## Provided data:
• • • •
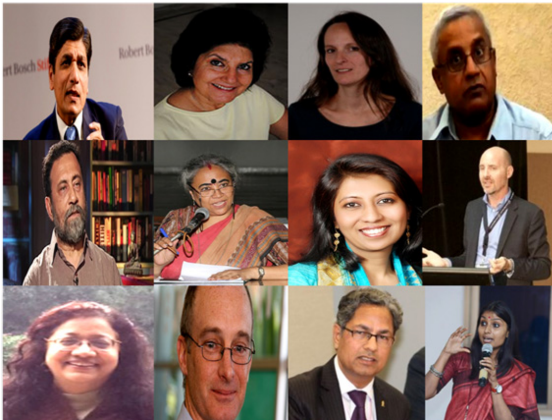
Speakers who visited the ASSK Centre for Peace in 2015-16
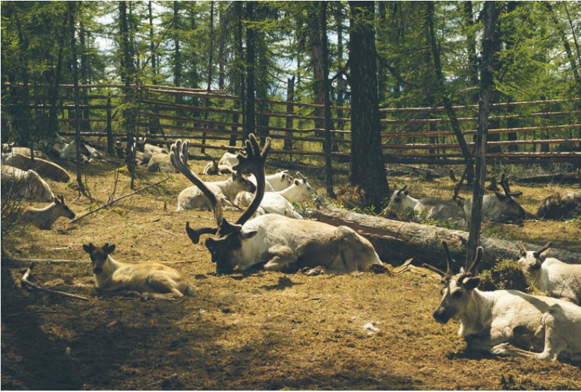
Fig. 6. Marshalling corral, Amudisy, Zabaikalskii Krai.
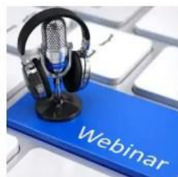
Webinar - Self Care of Quarry Personnel 24/7
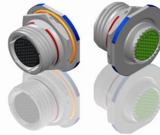
LAYOUT SHOWN AS EXAMPLE
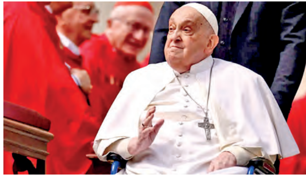
Pope Francis made appearances during Holy Week and Easter weekend.

US President Donald Trump posted a message on social media saying, "Rest in Peace Pope Francis! May God Bless him and all who loved him!"
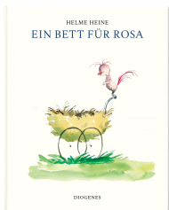
A Bed for Rosa 32 pages, 22 x 27.5 x 0.8 cm 2025
• • • •
## Exercise description:
Among the records above, which lines hold the word "Pope"? Copy each one.

## Solution:
Pope Francis made appearances during Holy Week and Easter weekend.
US President Donald Trump posted a message on social media saying, "Rest in Peace Pope Francis! May God Bless him and all who loved him!"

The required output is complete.